С обещанным Керенским контролем над правящей «буржуазией» ситуация была сложнее. Лидеры Петроградского Совета привыкли говорить, а не контролировать. Керенский, «не спавший несколько ночей, затративший нечеловеческое количество нервной энергии… ослаб до тривиальной истерики, жаловался, что против него все интригуют». В действительности эти истерики постоянно увлекали рядовых представителей Совета. (Позднее нечто подобное произойдет с Л. Д. Троцким.) Руководителям Совета оставалось только разводить руками.
Симбиоз правительства и Совета был невымученным и противоестественным. Но лидеры последнего не заметили, что попали в своеобразную политическую ловушку. Утопии и иллюзии – а именно они правили бал в первые дни революции – словно выключили политический разум. И тогда событиями все основательнее стал управлять социальный инстинкт.
Приказ отнюдь не был продуктом социалистического теоретизирования, напротив, он был навязан недоумевающим лидерам Совета эмоциями солдатской массы. Н. Н. Суханов застал в посещении Совета 1 марта следующую картину:
…За письменным столом сидел Н. Д. Соколов… его со всех сторон облепили сидевшие, стоявшие и наваливавшиеся на стол солдаты и не то диктовали, не то подсказывали Соколову то, что он писал… Никакого порядка и никакого обсуждения не было, говорили все – все, совершенно поглощенные работой, формируя свое коллективное мнение безо всяких голосований…
Такова история этого документа, завоевавшего себе такую громкую славу… Вызван он был общими условиями революции…
Приказ этот был в полном смысле продуктом народного творчества, а ни в коем случае не злонамеренным измышлением отдельного лица или даже руководящей группы… Буржуазная пресса, вскоре сделавшая этот приказ поводом для бешеной травли Совета, почему-то приписывала авторство его Стеклову, который неоднократно открещивался от него… Соколов… явился лишь техническим исполнителем предначертаний самих масс… Со стороны пленума Совета это был едва ли не единственный акт самостоятельного политического творчества за всю революцию…
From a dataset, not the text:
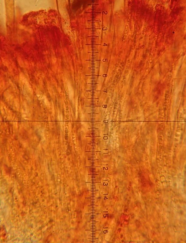 Paraphyses with small guttules, filiforms, 2-3um wide.

Из тогдашних благих намерений выросло нечто противоестественное для профессиональной армейской среды. «Военная психология показывает, что трусость легко воспринимает либеральное, оппозиционное и пацифистское резонерство, заражающее массы… – отмечал психиатр Н. В. Краинский. – Армия должна принять войну, как факт. Она должна удовлетворяться своими лозунгами и слепо подчиняться дисциплине…» Попросту говоря, нельзя допускать, чтобы внутри этого «орудия империи» пробудился человек с его разнородными житейскими устремлениями. Однако Приказ № 1 объективно оказался направлен именно на это.